Why AI Security Requires a New Approach
Traditional cybersecurity focuses on network perimeters, access control, and deterministic software. AI agents break these assumptions fundamentally. Language models conflate data and instructions—an agent reading an external document can be manipulated by hidden instructions embedded within it. This creates attack surfaces that firewalls, WAFs, and conventional pen-testing simply cannot address.
The stakes are highest in environments where AI agents have access to proprietary code, trading algorithms, customer data, or production infrastructure. A single prompt injection exploit can turn a helpful coding assistant into a data exfiltration vector.
The Four Layers of AI Defense
We structure every engagement around four complementary security layers:
Identity & Access
Eliminate long-lived API keys in favour of short-lived, scoped credentials. We implement AWS IAM Identity Center (SSO) with OIDC federation, ensuring every agent session is tied to a specific human identity with auditable, time-limited permissions.
Network Isolation
Move AI workloads off public APIs and into your VPC. Using AWS PrivateLink and strict egress filtering, we ensure that model inference traffic never traverses the public internet—and that compromised agents cannot “phone home” to external servers.
Execution Governance
Deploy a centralised gateway (AgentCore or MCP Proxy) that intercepts every tool call an agent makes. This enables payload inspection, sensitive variable redaction, deterministic pattern matching, and on-behalf-of identity propagation—ensuring agents can only do what the initiating developer is authorised to do.
Semantic Defenses
Because agents are non-deterministic, we deploy independent monitoring layers: Bedrock Guardrails to block extraction of proprietary IP, LLM-as-a-Judge evaluators to assess whether agent actions align with security policies, and automated kill switches for anomalous behaviour.
Claude Code Hardening
For organisations using Claude Code as a development tool, we provide specific hardening measures:
- Bedrock Migration: Shift from public Anthropic API to AWS Bedrock, keeping all code and conversation data within your VPC.
- Sandbox Enforcement: Harden the bubblewrap-based sandbox with immutable configuration, restricted file access, and locked-down SessionStart hooks.
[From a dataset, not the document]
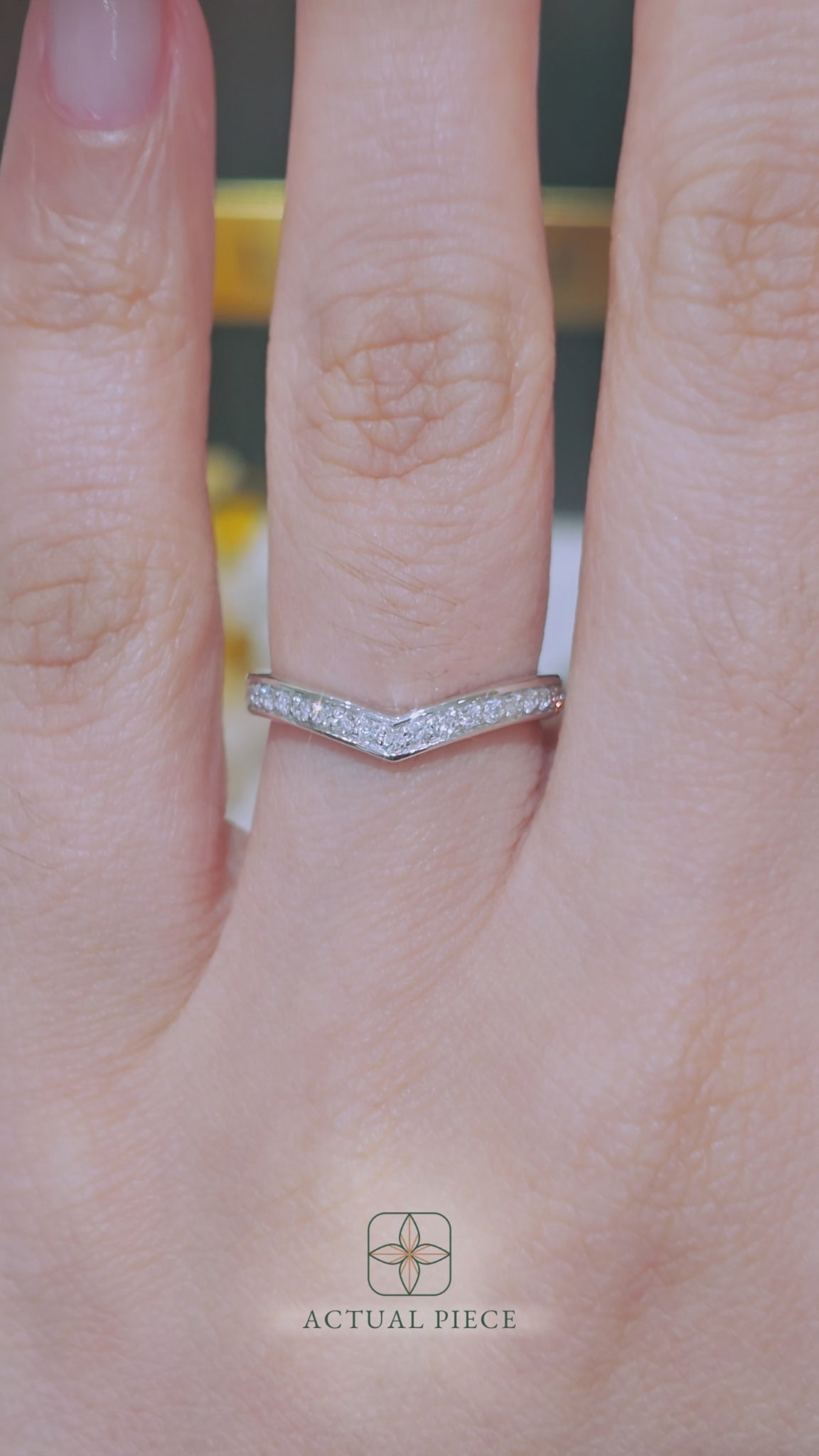The twist of this mobius pavé signifies how life and love has turned into something much more beautiful, becoming more alive and fuller. This accented band presents a modern take on a classic choice.

- Configuration Management: Deploy centrally managed
.claude/settings.jsonacross all workstations, preventing ad-hoc permission escalation. - Credential Rotation: Automate credential retrieval via
awsAuthRefreshwith temporary session tokens—no static keys.
Agent Runtime Security
For autonomous agents built on frameworks like LangChain, LangGraph, or custom orchestration layers:
- Ephemeral Environments: Run agent containers in airgapped, disposable environments with denied outbound internet access by default.
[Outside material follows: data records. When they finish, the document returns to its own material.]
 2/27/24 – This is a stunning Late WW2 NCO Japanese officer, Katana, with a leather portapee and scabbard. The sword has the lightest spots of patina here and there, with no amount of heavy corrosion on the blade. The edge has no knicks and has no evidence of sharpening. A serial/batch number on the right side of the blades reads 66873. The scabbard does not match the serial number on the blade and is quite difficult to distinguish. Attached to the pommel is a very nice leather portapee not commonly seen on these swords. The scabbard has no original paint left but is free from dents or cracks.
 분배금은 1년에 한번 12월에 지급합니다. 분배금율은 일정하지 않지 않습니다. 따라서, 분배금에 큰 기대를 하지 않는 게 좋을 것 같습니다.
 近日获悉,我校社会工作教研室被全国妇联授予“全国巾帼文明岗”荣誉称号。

- Least Privilege: Strip agents of all unnecessary capabilities—an analysis agent should physically lack write or delete credentials.
- Semantic Filtering: Deploy independent filters that scrub sensitive variables from outgoing payloads and block known injection patterns in inbound data.
- Human-in-the-Loop: Implement supervised agency for state-changing actions, requiring explicit human authorisation before an agent can execute trades, push code, or modify infrastructure.